2. The Windows client does not filter (at least on German Windows - likely from what Michael says but unconfirmed; this might be because Windows is using a single-byte character set for text input in Western locales).
3. The font used in Linux does not have äöüÄÖÜ, or it uses a different encoding than Unicode. It happens to display a Unicode ß as a ß.

Project Manager
Lanarel commented on 07.05.2008 00:00

Marking new, as this is a feature request. Whether ß or ö should be possible in PS is upto the devs. I think talking German in tells is not a problem at all, so having these characters may make sense. In the meantime I suggest just to use ss and oe instead.

nobody special commented on 18.06.2008 19:00

What happens if you set <fontname> in ../PlaneShift/data/prefs.xml to a unicode font?

Caarrie commented on 18.06.2008 19:04

the server does not support it so it would have to be updated as well as i understand or more of the client.

Elvors Amenoras commented on 19.06.2008 18:55

As far as I can tell from a user perspective, it's a server issue.

1) Clients need to associate keyboard input with code points, and to make sure that each code point gets displayed as the same glyph across Windows, Linux, and OS X.
Since the mechanisms differ across platforms, this needs to be done in client code.
I don't know whether CS is Unicode-aware though.
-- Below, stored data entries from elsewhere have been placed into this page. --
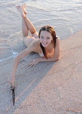 Описание: Страстно сорвав с себя промокшее платье без белья, мокрая телка весело развлекается на пляже голышом, эротично позируя на горячем песке и плавая в теплом море. Голая брюнетка с натуральными сиськами не стесняется показать себя во всей красе и с удовольствием выпячивает на камеру свою сочную упругую задницу с бритой мясистой пиздой.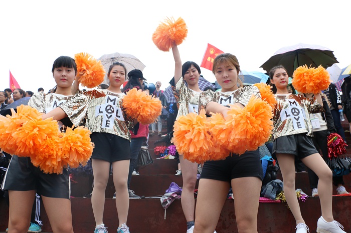 20日下午,雨势逐渐增强,豆大的雨点纷纷滴落,阴冷寒凉。而在观众席边,身着短裙的啦啦队姑娘们依然坚持为各自的方阵起舞,来不及披件衣服,不一会儿,每个队员的头发都已经被雨水打湿,但她们面对镜头,依然绽放出最美的笑容。青春的激情,灵动的舞步,融汇成赛场上一道靓丽的风景线。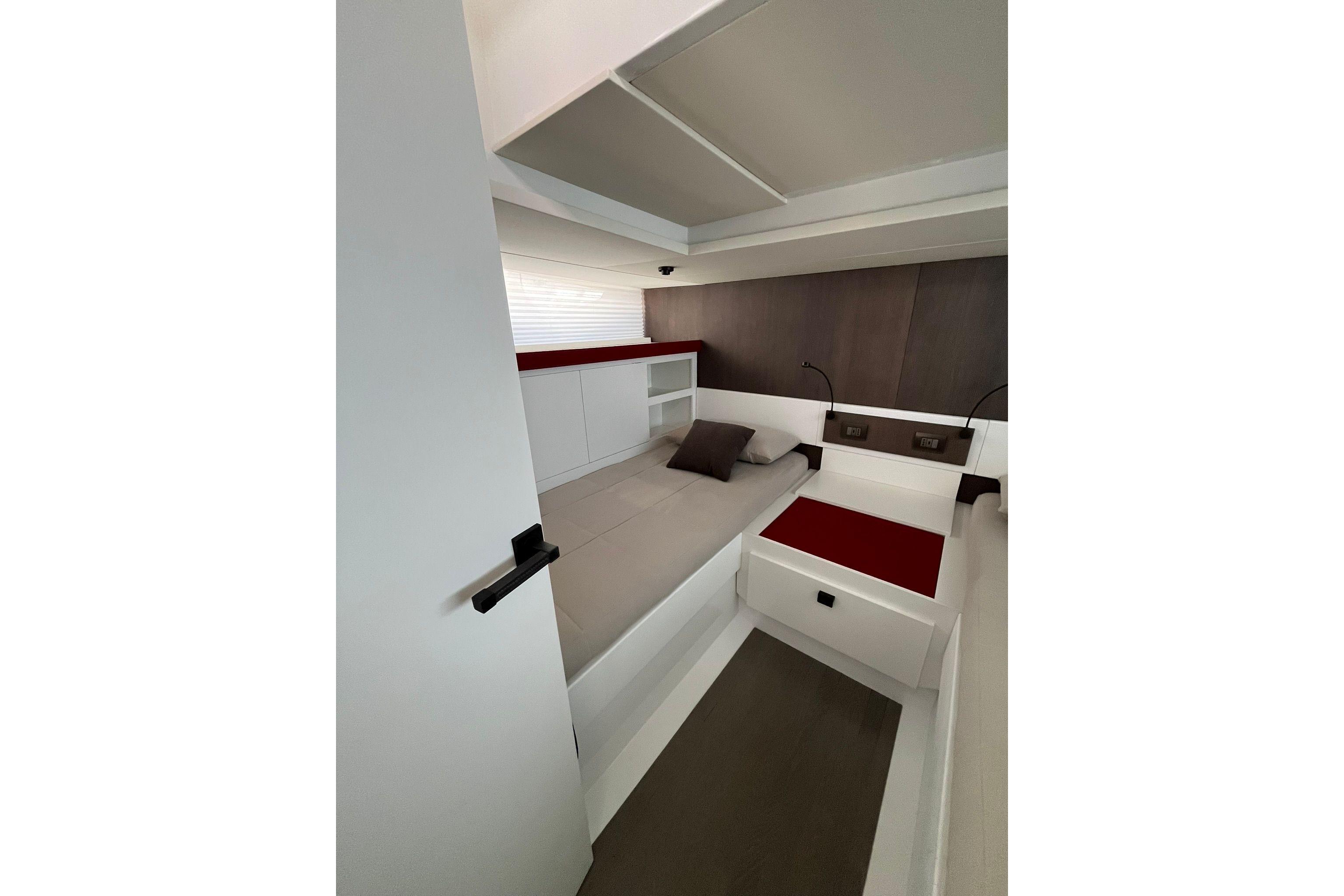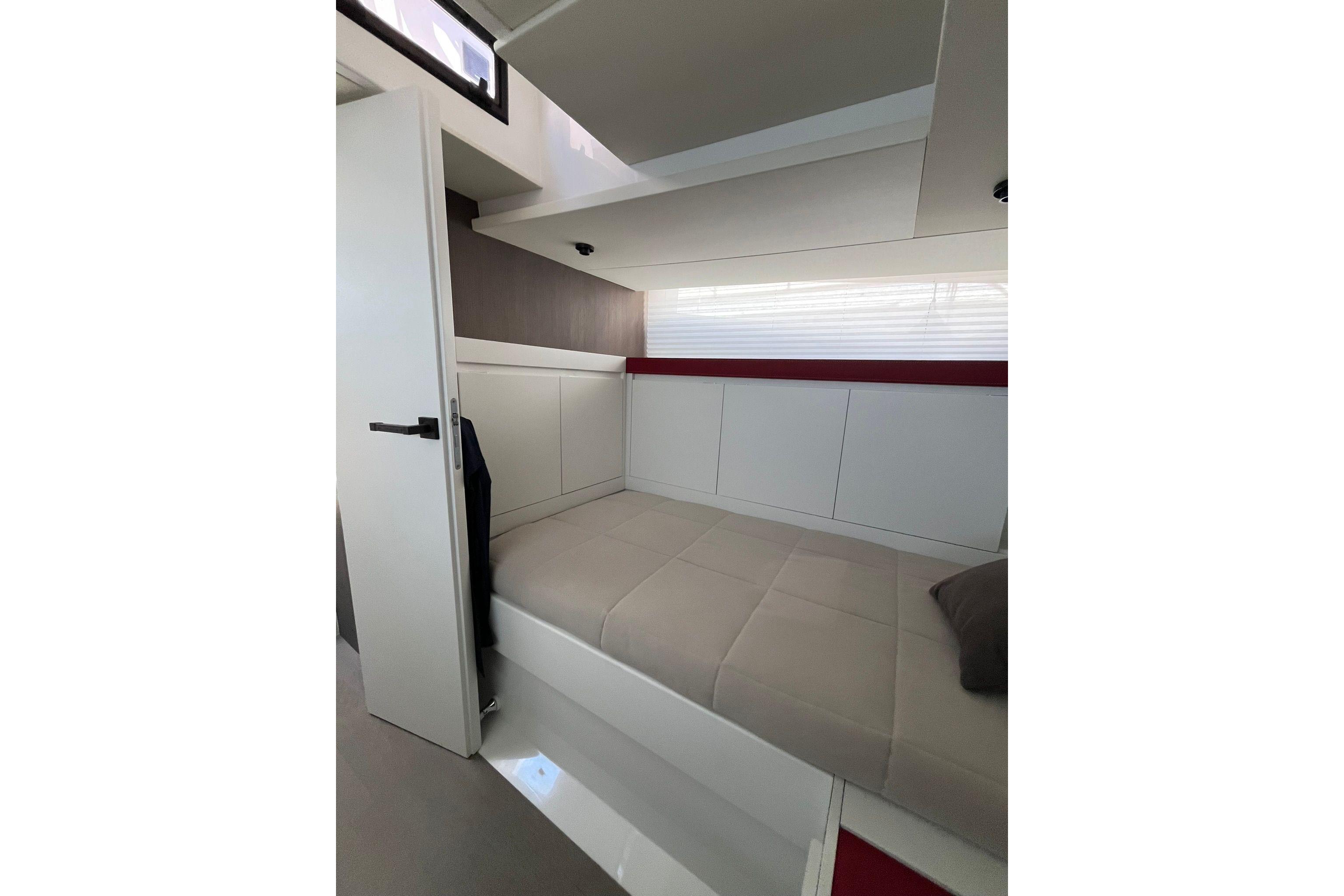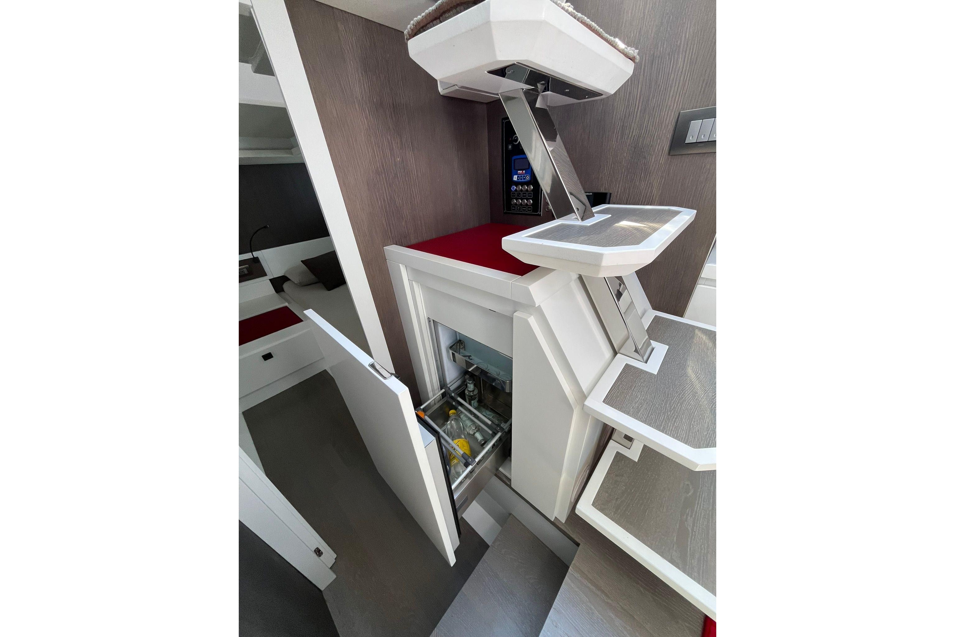 Barca con dotazioni premium: Cantina vino, telecamere a prua per salpare l’ancora direttamente dal posto guida, generatore 7 kw con inverter 1500 W, impianto stereo Fusion, luci di cortesia camminamento laterale, luci subacquee, frigo e ghiacciaia, grill e piano induzione nel pozzetto, plancetta affondanile elettroidraulica Besenzoni e tanti altri optional

If not, extending it for Unicode support may be a lot of work.

2) The server just accepts byte streams from clients (when somebody types a message or writes to a book), and sends them to clients (when the client wants to display a message or a book's content).
As long as the server does not look into or manipulate the contents of the messages, it should be largely unaffected.
(I think it removes swear words though. Unchecking "filter swear words" has no effect for me.)

@Bilbous: It's possible that the glyphs would display correctly. Still, the edit window for books will choke because it does not know that deleting a character may require deleting one, two, or three bytes. In other words, you can create invalid Unicode sequences when editing, which may mean the client might display "funnily" or even get a buffer overflow.
So it might look better to try that, but it would create bugs.